I have a couple questions involving showing a group with certain properties is abelian.

1. For the first, I'm supposed to show that if some group G has the property that (ab)i=aibi for some three consecutive integers i and all a,b in G, then G must be abelian. Using (aba-1)i=abia-1=aibia-i, I've been able to show that a2b=ba2 for all a,b in G, but I can't get any farther.

2. The second is similar. Given that a finite group G has order not divisible by 3, and for every a,b in G, (ab)3=a3b3, show G is abelian. By defining an automorphism on G by sending a to a3, I've been able to show every element has a unique cube root. Using this, I've shown a2b=ba2, as above. But now I'm stuck.

Thanks in advance for any help.

2. Mar 6, 2006

### AKG

Problem 1

Your work doesn't look right. How do you get abia-1 = aibia-i?

Let I = {i-2, i-1, i} be a set of three consecutive integers such that for all a, b in G, and all k in I, (ab)k = akbk

Hints:

1. Starting with (ab)i = aibi, deduce that (ba)i-1 = (ab)i-1

2. Deduce, somehow, that (ba)i-2 = (ab)i-2

3. Mar 6, 2006

### AKG

Note, for problem 2, you don't need to show that x |-> x³ is an automorphism. Simply show that it is injective (it doesn't even need to be a homomorphism). Then, since G is finite, you know the map is surjective, and this is all you need to show that each element has a unique cube root.

4. Mar 6, 2006

### StatusX

Thanks for the help. (ba)i=b(ab)i-1a. It's so simple, and pops out at you if you write the product out, but I was going a completely different way with the problem and would never have thought of it. Both answers follow easily from it.
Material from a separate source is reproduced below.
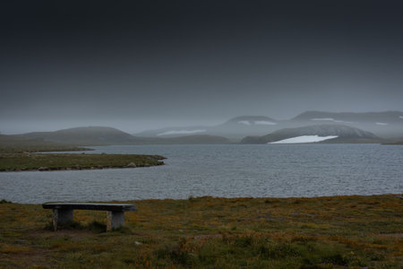Road to scandinavian mountains at breathtaking national park on gloomy autumn day.

And by the way, since conjugation by an element is a homomorphism (in fact, an automorphism), then (aba-1)i=abia-1.

5. Mar 6, 2006

### AKG

My issue wasn't with (aba-1)i = abia-1, it was with abia-1 = aibia-i. However, I now see where you got that:

(aba-1)i = aibia-i by the special property given to us
(aba-1)i = abia-1 because it's an easy fact for any group

Using a similar idea for problem 2, you get:

a³b³a-³ = ab³a-1
a²b³ = b³a²

so every square commutes with every cube. But since you can prove that every element is a cube (i.e. it has a cube root), you can say that every square commutes with every element. Not sure where to go from here.

6. Mar 6, 2006

### StatusX

Well, using a similar idea as the one you suggested for the first problem, you can show (ab)2=b2a2. Then you can pull a factor of b on the right side to the other side of a2, and its easy from there.

7. Mar 6, 2006

### AKG

When I first looked at the problem, I did get that (ab)² = b²a². However, I don't see where to go from there. In fact, what do you even mean by:

Then you can pull a factor of b on the right side to the other side of a2, and its easy from there.

8. Mar 6, 2006

### AKG

Oh wait.

(ab)³ = a³b³
ababab = aaabbb
baba = aabb
(ba)² = a²b²

Now this, in conjunction with the fact that the squares commute with everything, gives

(ba)² = b²a²
baba = bbaa
ab = ba []

Is that what you had in mind?

9. Mar 6, 2006

### StatusX

More or less. I actually specifically meant:

(ab)2=b2a2
abab=b(ba2)=b(a2b)=baab
ab=ba